* [About this task]: Write out the data below exactly as given, without any of its pictures.

* [Recorded information]:

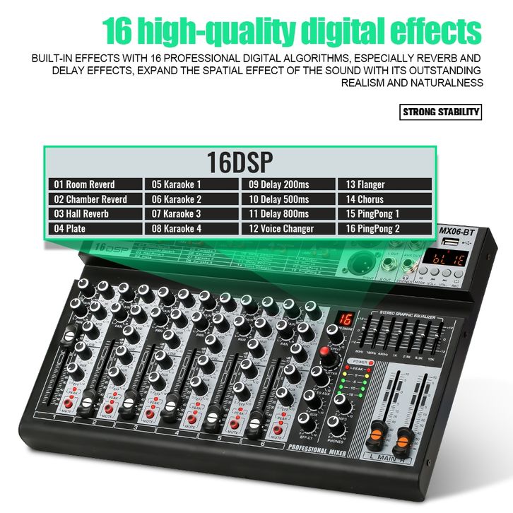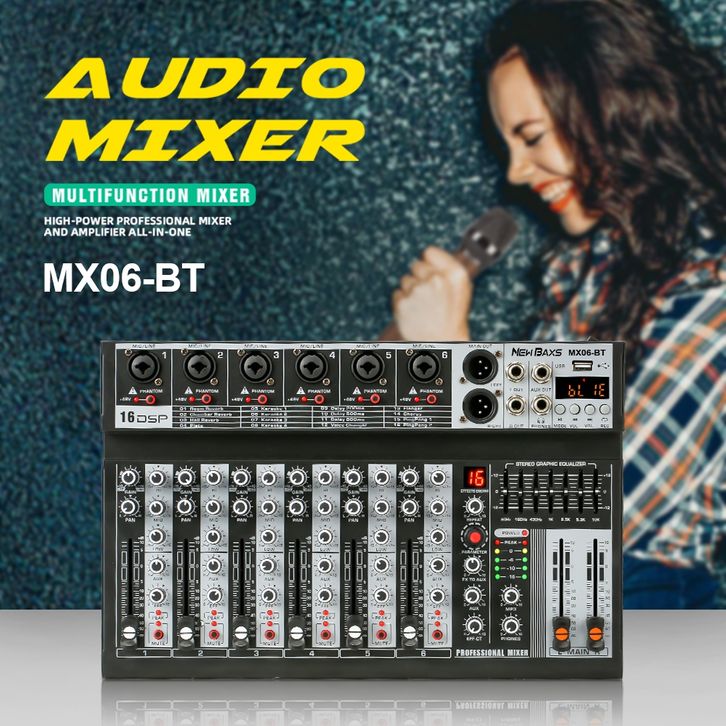 mixer audio ashley NEW BAXS [Asli] MX06BT mixer profesional 6 channel built-in EQ 16DSP Bluetooth/USB/PC/MP3 playback
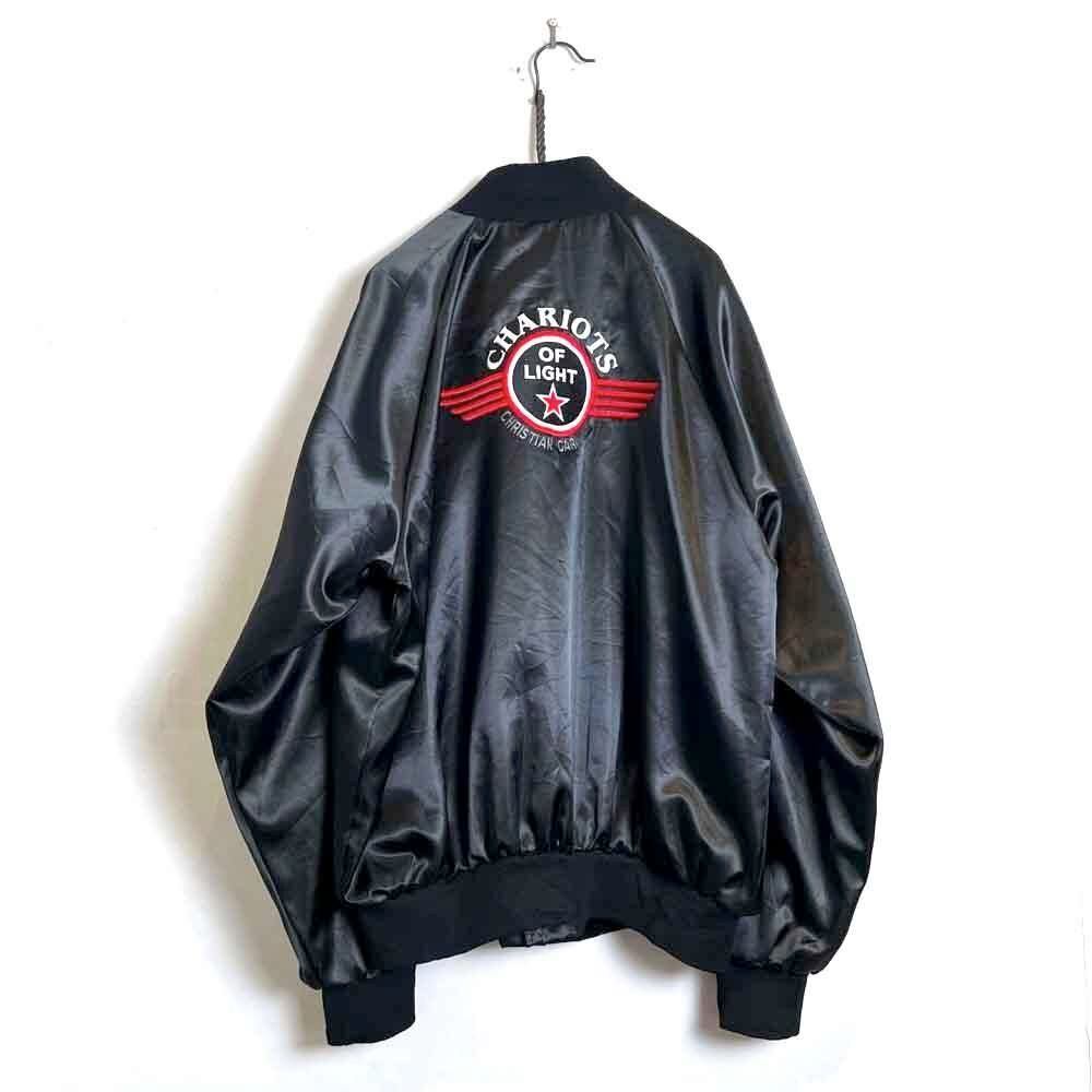 90s Chariots of Light Christian car club jacket. Easy to match with black nylon satin, the club logo embroidered on it creates a great look.
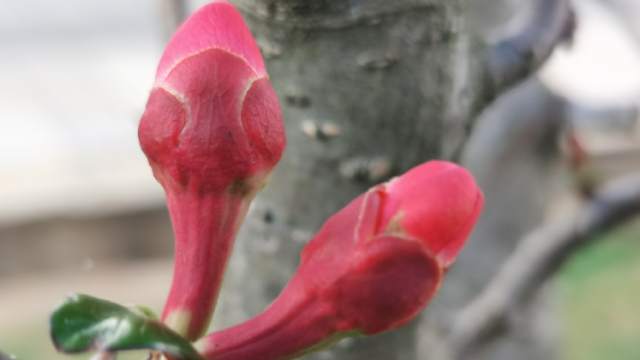 紅艷艷的酸木瓜花兒掛滿枝頭,好看極了。

* [The answer]:
 mixer audio ashley NEW BAXS [Asli] MX06BT mixer profesional 6 channel built-in EQ 16DSP Bluetooth/USB/PC/MP3 playback
 90s Chariots of Light Christian car club jacket. Easy to match with black nylon satin, the club logo embroidered on it creates a great look.
 紅艷艷的酸木瓜花兒掛滿枝頭,好看極了。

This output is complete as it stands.